Janzen closed her remarks with a poem of her own, written specifically for the 622 members of the graduating class. "Travelers, seek the spheres," the poem concluded. "Your destination never nears. You do not/finish here. You begin."

Earlier in the day the Rev. Stephen M. Norden, founding pastor of New Hope Reformed Church of Powell, Ohio, delivered the Baccalaureate sermon, titled "The Thoughts That Underlie Hope."

He based his text on Hebrews 6:13-20, which notes that God's promises are fulfilled in Jesus Christ: "We have this hope, a sure and steadfast anchor of the soul, a hope that enters the inner shrine behind the curtain, where Jesus, a fore-runner on our behalf, has entered..."

Norden cautioned against seeking the wrong kind of hope, since it ultimately will fail to prove lasting. The inadequacy of false hope, he said, is apparent in the face of the challenges levied by the world.
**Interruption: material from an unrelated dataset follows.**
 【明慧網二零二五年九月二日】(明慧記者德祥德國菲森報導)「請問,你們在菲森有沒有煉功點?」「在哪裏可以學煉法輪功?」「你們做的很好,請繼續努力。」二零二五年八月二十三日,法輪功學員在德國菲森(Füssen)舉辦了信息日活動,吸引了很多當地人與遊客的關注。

"As I watch, listen and read about what is happening in our culture, it occurs to me that a pall of grim hopelessness hangs over us," he said. "As we live with the aftermath of 9/11, as we daily confront the toll that the war in Iraq extracts in human life and on our national psyche, as each of us tries to navigate our way in a volatile economy, hope seems to be in short supply. I wonder if the erosion of hope is a consequence of our searching for hope in the wrong places or misunderstanding the very substance of hope."

"Authentic hope is not a consequence of wishful thinking," he said. "Certainly all of us have wishes for ourselves, for others, for our futures and, in large measure, these wishes are products of our desires, reflections, the perceptions of what we think would be best or satisfying for us. But, when all is said and done, hope that is the result of wishful thinking is nothing more than a self-induced subjective response to something we want. And no matter how hard we try to buttress that hope with personal energy or personal guts and gusto, the sad reality is that wishful thinking will at some point in time prove to be inadequate."
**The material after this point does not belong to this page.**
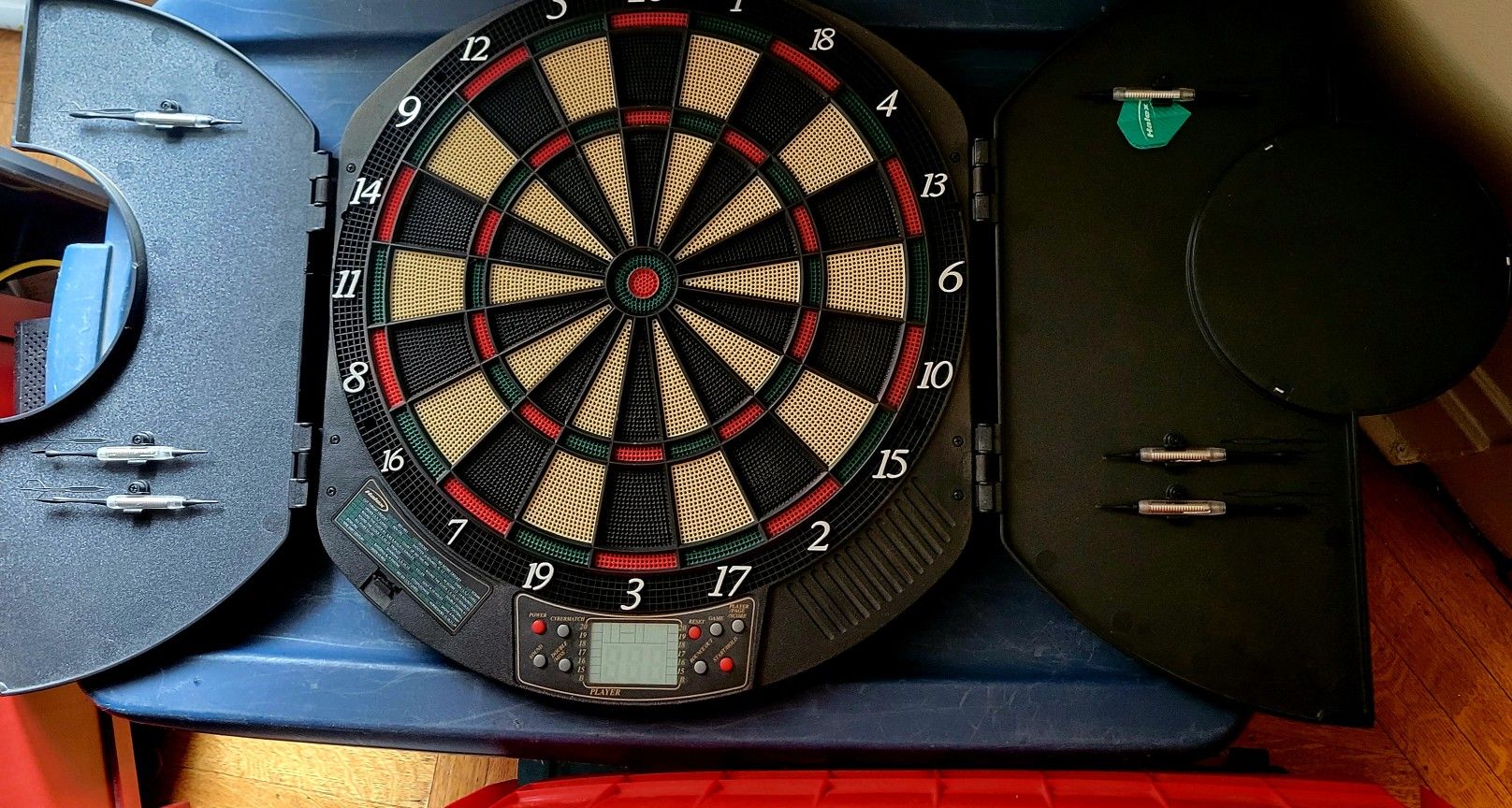 Features a 13.5-inch target area for soft-tip darts. Includes automatic electronic scoring and sound effects. Offers a variety of pre-programmed game variations (some models have up to 65). Designed to be lightweight and portable, often powered by batteries for cordless use. Integrated dart holders are located in the side cabinets.

In contrast, he said, Jesus Christ offers lasting hope, even while at the same time demanding that the focus be taken away from oneself. It is a message at odds, he said, with the efforts of "a culture that is constantly trying to convince us that we are at the center of the universe."
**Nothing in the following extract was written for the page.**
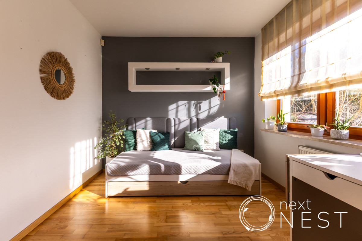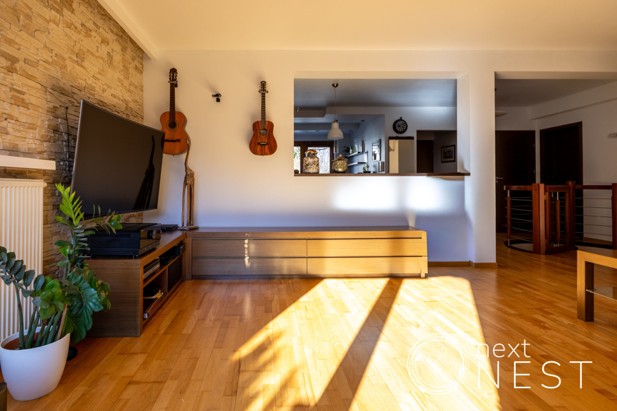 Sprzęty AGD: lodówka, płyta indukcyjna, piekarnik elektryczny, zmywarka. Wykończone z dobrej jakości materiałów: drewniane podłogi i schody, system nagłośnienia w łazience oraz sterowanie do głośników w pokojach, ogrzewanie podłogowe w sypialni, okna drewniane. W oknach zamontowane moskitiery na wymiar.

"It is no secret that our Lord's message of discipleship is as counter-cultural today as it was when he first proclaimed it," Norden said. "But the message that Jesus would have us learn is that following him does not equate to a life of drudgery, tedium and mediocrity but one that generates hope the more we spend our lives in serving Christ by serving others."

Norden also said that "authentic hope inspires imagination." He recalled the Old Testament prophet Joel, "who prophesied of that day when God's Spirit would be poured out on all people, that day when God's daughters and sons would prophecy, and old men would dream dreams and young men would see visions for the Spirit would be alive in all."

"If I could both encourage and exhort you in any way, Class of 2006, I would do so by offering this: God's spirit is alive and at work in you," he said.

"Let the Holy Spirit's power in you, allow this hope that anchors your soul, to inspire you to dream new dreams, to harness the power of your imagination, to grasp hold of the visions that God has given you and cause them to come to fruition."